Выложив перед Сакзей свой замысел, Арсланапа почувствовал в душе некоторое облегчение. Кажется, он хорошо придумал – напасть на угров. Один раз много лет назад он славно прошёлся по их сёлам, не оставив за собой ни пяди неразорённой земли. В предвкушении богатой добычи солтан прикрыл веки и сладостно потянулся.
С наступлением сумерек половцы Арсланапы и Сакзи наскоро погрузили на телеги юрты, взобрались на коней и стремглав рванули прочь от Адрианополя. Надрывно скрипели несмазанные колёса, ржали отощавшие кони. Утром перед ними уже лежала опустошённая обезлюдевшая Болгария. Арсланапа торопился выйти на Дунай, к весенним пастбищам. Кипчаки неслись бешеным галопом, не жалея скакунов, без конца оглядываясь – не мчит ли следом посланная Тогортой погоня. Но было спокойно, лишь редкие птицы кружили над пепелищами. Не останавливаясь, скакали денно и нощно, преодолевая бурные реки и горные перевалы.

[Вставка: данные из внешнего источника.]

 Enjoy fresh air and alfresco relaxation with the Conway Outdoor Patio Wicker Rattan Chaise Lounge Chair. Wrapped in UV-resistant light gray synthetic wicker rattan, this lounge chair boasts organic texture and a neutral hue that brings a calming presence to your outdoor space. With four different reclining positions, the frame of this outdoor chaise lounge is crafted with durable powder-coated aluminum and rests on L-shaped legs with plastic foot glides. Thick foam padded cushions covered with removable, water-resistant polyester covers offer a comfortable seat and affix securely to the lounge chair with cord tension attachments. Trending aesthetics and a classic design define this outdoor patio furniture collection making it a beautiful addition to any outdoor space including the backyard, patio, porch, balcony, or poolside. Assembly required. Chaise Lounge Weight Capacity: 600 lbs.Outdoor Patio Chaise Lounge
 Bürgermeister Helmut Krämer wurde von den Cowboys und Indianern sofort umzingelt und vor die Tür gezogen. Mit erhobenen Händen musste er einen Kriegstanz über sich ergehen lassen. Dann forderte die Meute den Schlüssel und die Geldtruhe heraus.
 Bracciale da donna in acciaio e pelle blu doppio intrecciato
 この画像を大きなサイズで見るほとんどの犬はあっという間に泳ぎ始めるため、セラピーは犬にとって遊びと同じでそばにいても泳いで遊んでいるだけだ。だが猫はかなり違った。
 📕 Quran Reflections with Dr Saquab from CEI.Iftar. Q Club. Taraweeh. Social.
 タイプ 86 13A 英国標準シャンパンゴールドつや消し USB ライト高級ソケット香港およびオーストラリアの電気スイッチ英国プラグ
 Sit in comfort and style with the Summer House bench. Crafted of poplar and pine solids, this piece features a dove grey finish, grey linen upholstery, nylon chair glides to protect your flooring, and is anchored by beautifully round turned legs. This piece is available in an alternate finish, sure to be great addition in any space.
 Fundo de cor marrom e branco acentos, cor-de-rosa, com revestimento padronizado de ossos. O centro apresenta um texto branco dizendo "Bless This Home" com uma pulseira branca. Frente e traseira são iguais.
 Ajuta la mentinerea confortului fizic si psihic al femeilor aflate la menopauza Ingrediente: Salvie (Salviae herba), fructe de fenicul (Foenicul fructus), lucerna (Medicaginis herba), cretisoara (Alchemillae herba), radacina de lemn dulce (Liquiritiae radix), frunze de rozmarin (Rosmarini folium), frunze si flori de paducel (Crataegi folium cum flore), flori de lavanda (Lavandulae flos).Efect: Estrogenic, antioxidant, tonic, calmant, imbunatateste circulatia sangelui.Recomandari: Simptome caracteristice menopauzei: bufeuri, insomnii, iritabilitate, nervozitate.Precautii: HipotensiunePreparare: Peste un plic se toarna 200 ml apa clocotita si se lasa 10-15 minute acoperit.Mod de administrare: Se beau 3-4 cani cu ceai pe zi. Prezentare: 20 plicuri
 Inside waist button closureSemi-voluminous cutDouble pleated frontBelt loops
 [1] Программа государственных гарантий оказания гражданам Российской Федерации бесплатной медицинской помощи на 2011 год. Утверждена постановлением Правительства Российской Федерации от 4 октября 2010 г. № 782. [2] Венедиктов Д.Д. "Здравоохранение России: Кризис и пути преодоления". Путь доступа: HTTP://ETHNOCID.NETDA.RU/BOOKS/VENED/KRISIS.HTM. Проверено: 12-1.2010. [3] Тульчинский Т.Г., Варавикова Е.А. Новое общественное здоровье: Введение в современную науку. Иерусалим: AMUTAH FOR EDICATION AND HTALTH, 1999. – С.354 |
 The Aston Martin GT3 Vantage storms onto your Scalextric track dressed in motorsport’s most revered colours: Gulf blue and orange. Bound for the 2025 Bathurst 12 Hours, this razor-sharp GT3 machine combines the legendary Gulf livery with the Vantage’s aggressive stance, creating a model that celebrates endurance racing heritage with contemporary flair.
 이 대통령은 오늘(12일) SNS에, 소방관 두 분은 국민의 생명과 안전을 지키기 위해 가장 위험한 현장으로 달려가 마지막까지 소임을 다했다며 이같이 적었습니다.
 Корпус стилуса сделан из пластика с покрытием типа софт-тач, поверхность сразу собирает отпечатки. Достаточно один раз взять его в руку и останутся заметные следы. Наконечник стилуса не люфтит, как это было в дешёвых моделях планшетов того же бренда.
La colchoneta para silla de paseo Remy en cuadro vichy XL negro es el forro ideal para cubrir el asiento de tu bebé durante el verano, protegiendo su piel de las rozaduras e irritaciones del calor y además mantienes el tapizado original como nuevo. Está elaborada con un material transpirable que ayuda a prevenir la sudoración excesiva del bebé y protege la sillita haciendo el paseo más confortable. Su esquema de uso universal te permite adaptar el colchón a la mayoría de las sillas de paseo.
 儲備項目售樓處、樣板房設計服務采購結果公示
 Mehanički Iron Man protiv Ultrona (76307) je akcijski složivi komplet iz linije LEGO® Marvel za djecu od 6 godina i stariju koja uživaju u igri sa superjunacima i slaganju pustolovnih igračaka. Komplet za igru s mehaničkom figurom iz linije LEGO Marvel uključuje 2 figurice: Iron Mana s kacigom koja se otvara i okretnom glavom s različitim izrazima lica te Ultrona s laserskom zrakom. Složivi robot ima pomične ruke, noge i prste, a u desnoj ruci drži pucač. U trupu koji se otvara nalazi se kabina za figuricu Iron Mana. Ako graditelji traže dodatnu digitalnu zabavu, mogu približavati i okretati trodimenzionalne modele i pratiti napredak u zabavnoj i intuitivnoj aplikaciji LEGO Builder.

Когда, наконец, вдали под сизым небом мелькнул серебристый Дунай, Арсланапа перевёл дух. Глаза его вожделенно заблестели, он вытянул руку и указал нагайкой в сторону земли угров.
– Вперёд, верные мои воины! – рявкнул солтан. – Возьмём в уграх полон! Золото! Добычу! В аксамит и парчу оденем наших жён! Накормим наших коней свежей травой! Предадим огню сёла и города!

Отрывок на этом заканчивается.